** EXERCISE OBJECTIVE **
Find the line with "今年の恵方は南南東、恵方観音は笠寺観音ですね。 「鬼は外! 福は内!」無病息災を願って、豆まきをしました。" and the line with "飾らないベーシックなデザイン" in the entries below; output exactly those two lines, every line between them, and no others.

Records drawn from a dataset
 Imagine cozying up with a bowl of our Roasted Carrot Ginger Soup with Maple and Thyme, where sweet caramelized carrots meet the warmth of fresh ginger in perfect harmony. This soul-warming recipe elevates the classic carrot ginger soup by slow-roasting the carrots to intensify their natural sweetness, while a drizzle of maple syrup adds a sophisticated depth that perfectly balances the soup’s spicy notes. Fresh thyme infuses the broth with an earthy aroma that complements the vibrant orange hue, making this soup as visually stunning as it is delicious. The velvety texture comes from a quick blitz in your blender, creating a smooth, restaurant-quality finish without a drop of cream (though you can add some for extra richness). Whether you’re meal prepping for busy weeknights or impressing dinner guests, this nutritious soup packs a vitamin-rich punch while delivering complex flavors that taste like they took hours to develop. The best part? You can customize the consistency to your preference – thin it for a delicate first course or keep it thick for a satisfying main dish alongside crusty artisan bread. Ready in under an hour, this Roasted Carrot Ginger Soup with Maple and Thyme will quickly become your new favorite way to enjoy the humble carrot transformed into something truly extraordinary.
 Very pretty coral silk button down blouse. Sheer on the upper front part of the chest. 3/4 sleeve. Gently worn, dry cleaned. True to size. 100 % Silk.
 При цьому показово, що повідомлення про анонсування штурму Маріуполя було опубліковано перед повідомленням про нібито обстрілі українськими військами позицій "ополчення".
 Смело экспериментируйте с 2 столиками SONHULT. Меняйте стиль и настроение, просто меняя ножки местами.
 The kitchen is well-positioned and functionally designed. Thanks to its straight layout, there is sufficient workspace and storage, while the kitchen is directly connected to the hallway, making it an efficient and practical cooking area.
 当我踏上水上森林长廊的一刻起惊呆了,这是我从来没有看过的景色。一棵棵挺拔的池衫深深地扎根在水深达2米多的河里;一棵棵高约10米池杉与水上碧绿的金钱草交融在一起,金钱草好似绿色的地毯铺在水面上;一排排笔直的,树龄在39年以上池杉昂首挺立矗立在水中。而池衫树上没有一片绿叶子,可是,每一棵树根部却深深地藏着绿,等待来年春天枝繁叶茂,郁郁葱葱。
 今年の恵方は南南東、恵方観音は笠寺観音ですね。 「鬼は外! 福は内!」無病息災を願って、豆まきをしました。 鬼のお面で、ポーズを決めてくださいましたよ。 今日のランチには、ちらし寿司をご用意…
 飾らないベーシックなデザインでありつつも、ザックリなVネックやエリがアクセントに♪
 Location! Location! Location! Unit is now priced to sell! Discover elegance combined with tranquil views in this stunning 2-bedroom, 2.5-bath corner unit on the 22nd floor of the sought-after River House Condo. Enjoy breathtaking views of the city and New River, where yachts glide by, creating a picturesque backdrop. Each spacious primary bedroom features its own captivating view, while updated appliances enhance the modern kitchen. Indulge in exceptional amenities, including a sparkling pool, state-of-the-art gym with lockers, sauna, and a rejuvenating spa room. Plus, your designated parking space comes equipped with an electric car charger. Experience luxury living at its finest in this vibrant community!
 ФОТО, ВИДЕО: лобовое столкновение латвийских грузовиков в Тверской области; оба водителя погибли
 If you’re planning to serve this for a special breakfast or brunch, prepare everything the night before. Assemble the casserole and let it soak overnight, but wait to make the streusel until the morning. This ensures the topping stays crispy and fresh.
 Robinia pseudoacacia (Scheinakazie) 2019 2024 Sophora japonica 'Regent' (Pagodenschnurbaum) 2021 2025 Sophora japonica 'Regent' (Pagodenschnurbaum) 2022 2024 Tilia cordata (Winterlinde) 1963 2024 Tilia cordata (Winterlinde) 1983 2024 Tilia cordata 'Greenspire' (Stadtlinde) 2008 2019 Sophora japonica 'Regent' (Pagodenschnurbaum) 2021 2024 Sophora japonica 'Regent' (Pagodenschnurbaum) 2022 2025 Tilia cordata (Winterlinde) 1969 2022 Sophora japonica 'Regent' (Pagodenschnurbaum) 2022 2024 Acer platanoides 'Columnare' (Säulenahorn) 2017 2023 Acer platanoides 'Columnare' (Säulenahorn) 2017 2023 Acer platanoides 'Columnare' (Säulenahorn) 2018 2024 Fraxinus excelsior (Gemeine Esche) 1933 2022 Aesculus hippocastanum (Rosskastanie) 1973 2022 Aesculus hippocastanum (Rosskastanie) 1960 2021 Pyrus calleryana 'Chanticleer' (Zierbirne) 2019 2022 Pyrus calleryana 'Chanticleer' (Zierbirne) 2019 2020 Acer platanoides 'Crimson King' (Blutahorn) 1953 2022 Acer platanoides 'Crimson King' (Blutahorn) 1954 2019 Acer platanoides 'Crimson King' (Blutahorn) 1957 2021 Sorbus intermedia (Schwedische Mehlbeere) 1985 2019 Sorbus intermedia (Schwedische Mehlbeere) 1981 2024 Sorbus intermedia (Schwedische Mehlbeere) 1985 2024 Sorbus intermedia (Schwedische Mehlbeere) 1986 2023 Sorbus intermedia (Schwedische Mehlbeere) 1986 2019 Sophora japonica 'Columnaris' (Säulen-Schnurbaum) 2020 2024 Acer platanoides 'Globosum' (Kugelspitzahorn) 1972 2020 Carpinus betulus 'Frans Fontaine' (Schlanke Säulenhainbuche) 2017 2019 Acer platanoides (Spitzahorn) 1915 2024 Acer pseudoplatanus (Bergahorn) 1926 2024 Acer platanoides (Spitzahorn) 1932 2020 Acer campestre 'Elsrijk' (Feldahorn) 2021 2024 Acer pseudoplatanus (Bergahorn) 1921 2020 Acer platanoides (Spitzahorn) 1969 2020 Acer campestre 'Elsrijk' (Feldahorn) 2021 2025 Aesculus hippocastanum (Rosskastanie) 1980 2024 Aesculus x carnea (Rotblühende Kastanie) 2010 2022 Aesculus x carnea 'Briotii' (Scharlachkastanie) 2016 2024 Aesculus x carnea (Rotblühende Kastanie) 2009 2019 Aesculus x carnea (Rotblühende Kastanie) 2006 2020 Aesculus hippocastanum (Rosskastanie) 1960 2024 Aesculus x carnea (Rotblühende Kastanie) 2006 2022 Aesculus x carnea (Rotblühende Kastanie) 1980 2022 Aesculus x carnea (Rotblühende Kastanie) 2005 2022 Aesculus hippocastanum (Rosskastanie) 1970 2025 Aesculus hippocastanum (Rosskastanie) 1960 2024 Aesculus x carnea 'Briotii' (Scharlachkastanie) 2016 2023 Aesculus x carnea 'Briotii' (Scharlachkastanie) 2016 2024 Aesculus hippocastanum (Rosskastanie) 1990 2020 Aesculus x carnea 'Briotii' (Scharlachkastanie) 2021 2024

** EXPECTED ANSWER **
 今年の恵方は南南東、恵方観音は笠寺観音ですね。 「鬼は外! 福は内!」無病息災を願って、豆まきをしました。 鬼のお面で、ポーズを決めてくださいましたよ。 今日のランチには、ちらし寿司をご用意…
 飾らないベーシックなデザインでありつつも、ザックリなVネックやエリがアクセントに♪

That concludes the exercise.